When I lived in South Korea 13 years ago, I recall being worried about North Korea. Community sirens would sound during North Korean missile tests. The worry occurred at about the same time every year: during the joint United States – South Korea military exercise in April. The South Koreans that I spoke to seemed to think that the North Koreans were still their family, and eventually they would be reunited. They watched this saber-rattling every year for their whole lives so they generally did not seem to be concerned compared to me, sweating in my chair and nervously devouring the information superhighway.
This peaked for me in 2010 with the sinking of the Cheonan on March 26, 2010. While keenly observing the local Koreans for anxiety and asking some basic feeler questions, I quietly registered my address and contact details with my country’s embassy. At that time I was living in a remote rural community so I figured that I could escape into the forest if anything really happened, while I had previously lived in the most populated South Korea city, Seoul, the capital, less than an hour from the North Korean border!
Magically, nothing happened. There were no repercussions and things went back to normal as per other years before it.
And, despite the best World Peace efforts that I have witnessed on this topic by U.S. President Donald Trump, and retired professional basketball player Dennis Rodman, North Korea continues to beat their breast.
My best guess at this stage is that the incessant mischief instigated by North Korea serves as China’s lightning-rod global distraction to observe the World Police’s response.
In moving to Japan, I further had to acclimate to earthquakes, typhoons, tsunamis, volcanic eruptions, and the ever ominous radiation issue emanating from Okuma, Fukushima. To my surprise, these were in addition to the consistent conducting of North Korean missile tests into the
East Sea Sea of Japan sea adjacent to Japan, that has had the Japanese rattled. All of the aforementioned certain concerns of uncertain time-frame, scale and magnitude, makes me think that it is no accident that Japan has become a most pleasant place to live.
I have been living in bliss for a few years now, but was finally jarred into reality when I read an article detailing the levels of potential destruction driven by the dust from a possible Mount Fuji volcanic eruption. So I bought some emergency supplies.
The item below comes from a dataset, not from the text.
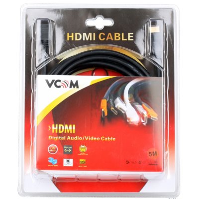 Кабель, HDMI - HDMI, версия 1.4, 3D + HDMI Ethernet, позолоченные контакты, угловой коннектор, материал проводника медь, 5 метров, черный, VHD6260D-5MB

Then, the Wuhan coronavirus went viral. The constant news coverage of the
cruise from hell Diamond Princess gave me another jolt of reality to take out some cash, buy extra food, soap, and even tissues (I happened to buy toilet paper as the panic unraveled). We loaded up so much at our local grocery store that one pedestrian in line commented with a smile “you’re buying too much!” We loaded up our bikes and squirreled away our supplies in the nooks and crannies of our little apartment. It looks like we were about 6 weeks ahead of the real grocery panic after a ramp up of infections in Tokyo, though the ‘panic’ was more localized to all things Salaryman: frozen dinners, breakfast cereals, and cup noodles.
And to top it off, the lesser known Rubella (German measles) virus was declared by the US CDC as an outbreak in Japan in October 2018 and is currently sitting at ‘Alert,’ Level 2 (of 3). My ward checked with me and my spouse (baby preparations) and offered a free test and vaccine, and I was jabbed soon thereafter.
After the preparations were in order, I went back to work on my goals.